Putin has made it clear in an interview that Russia will not intervene in Nagorno-Karabakh at this time. In the meantime, the city of Stepanakert was bombed again and the Red Cross calls on the population to be protected. Azerbaijan will negotiate a ceasefire in Geneva with Russia, France and the US. Armenia will not be present.
Russian President Vladimir Putin said in a televised interview that Russia does not currently feel obliged to intervene in the Nagorno-Karabakh conflict. Observers feared that could happen because Armenia had turned to Russia as an ally. Azerbaijan, on the other hand, is openly supported by Turkey.
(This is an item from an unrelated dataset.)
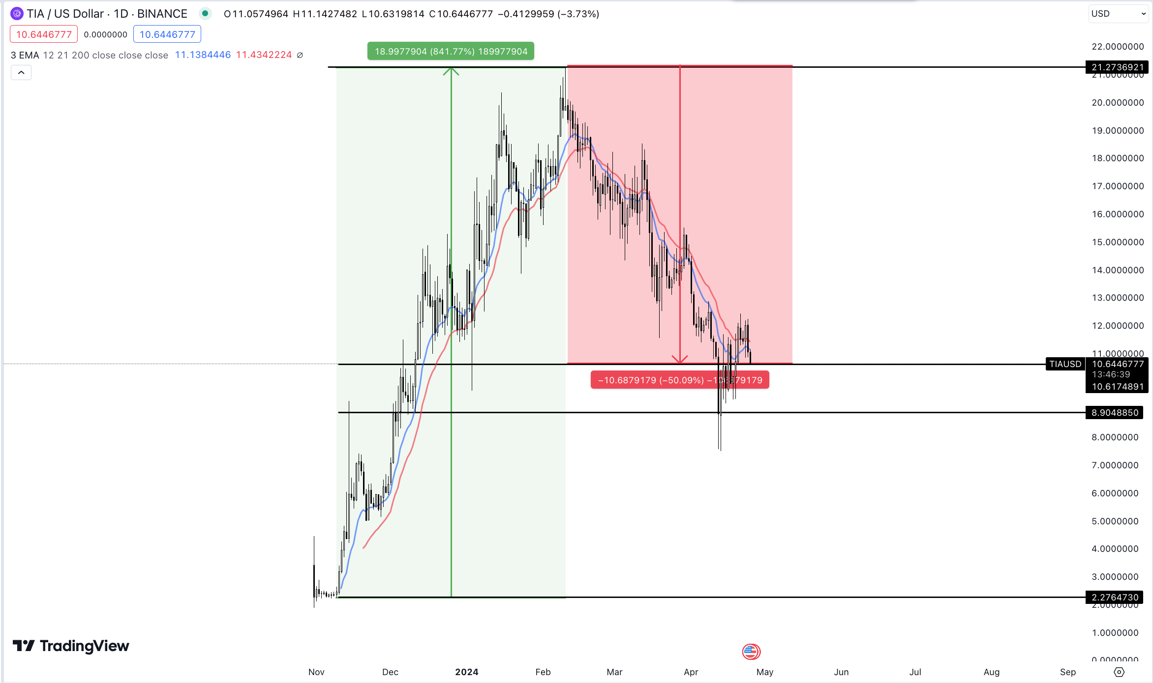 In der Community fand die native Kryptowährung TIA daher großen Anklang. Dennoch vermochte der TIA Kurs seinen Aufwärtstrend angesichts des jüngsten Abverkaufs nicht zu halten. Nachdem er seit November 2023 um über 840 Prozent von 2,27 USD auf 21,27 USD gestiegen war, stürzte er jüngst um über 50 Prozent auf aktuell 10,73 USD.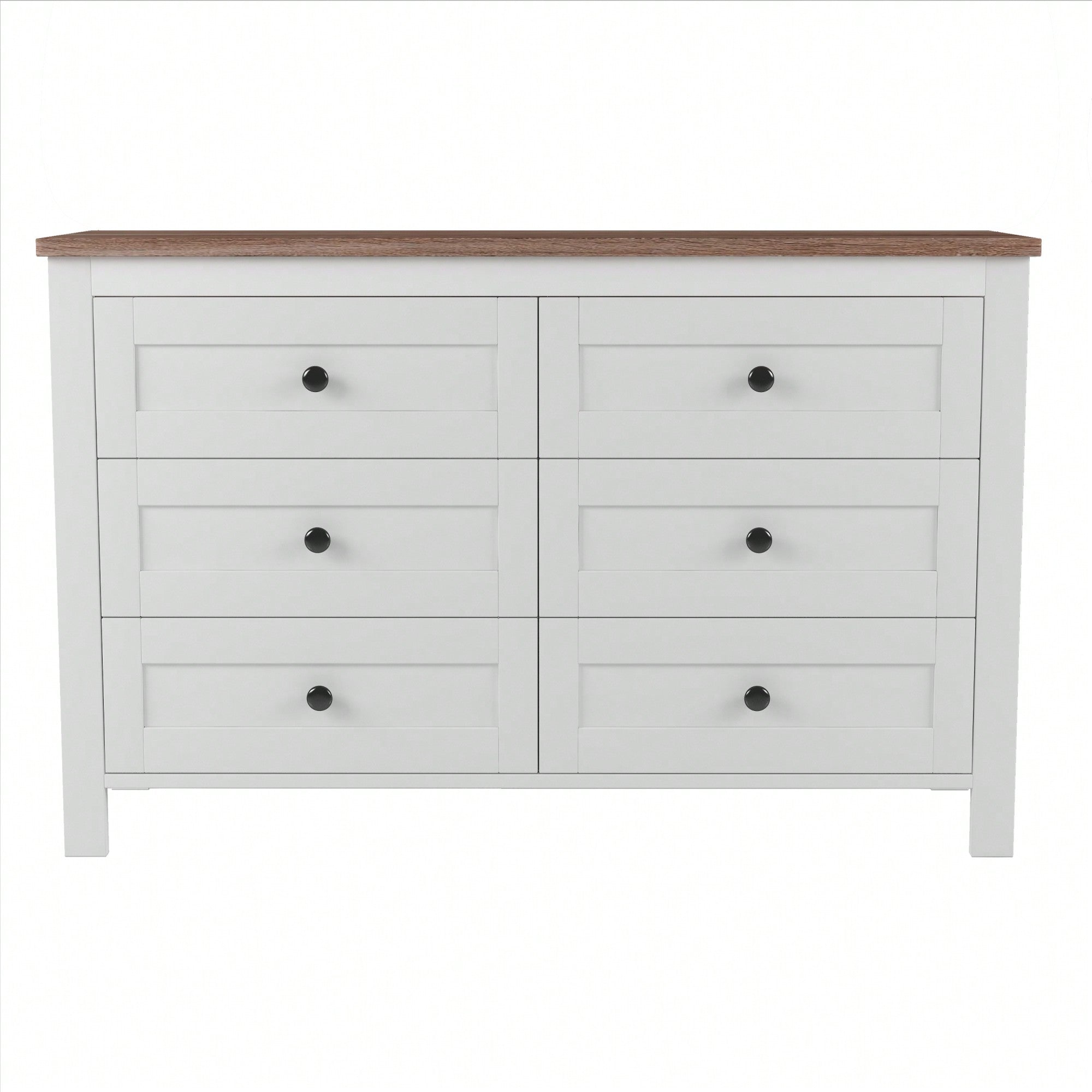 Charming Retro Farmhouse Wooden Dresser With 6 Drawers - Stylish Bedroom Storage Cabinet In White And Brown

Putin was referring to an agreement that “does entail certain obligations,” but stated that the conflict is not taking place on Armenian soil. “We are in close contact with the president of Armenia and have not heard that they think we are not fulfilling our obligations,” said the president.
Russia, together with France and the US, is organizing a meeting in the Swiss city of Geneva about a possible ceasefire in the region. These three countries are part of the so-called Minsk group of the Organization for Security and Cooperation in Europe (OSCE). He has been mediating in the conflict since 1994. Germany, Finland, Italy, Turkey, Belarus and Sweden are also part of that group.
The negotiations will only be attended by Azerbaijani Foreign Minister Yehun Bajramov. Armenian Foreign Minister Zohrab Mnatsakanian is not coming to Geneva, “because it is impossible to negotiate while military operations continue.” However, the Armenian minister will travel to Moscow on Monday to speak with the Russian Foreign Minister Sergei Lavrov.
‘Half of the local population displaced’
Indeed, the bombing continues. On the night of Wednesday to Thursday, Stepanakert, the capital of the self-proclaimed republic of Nagorno-Karabakh, was bombed again by Azerbaijani forces. AFP journalists report this on the spot.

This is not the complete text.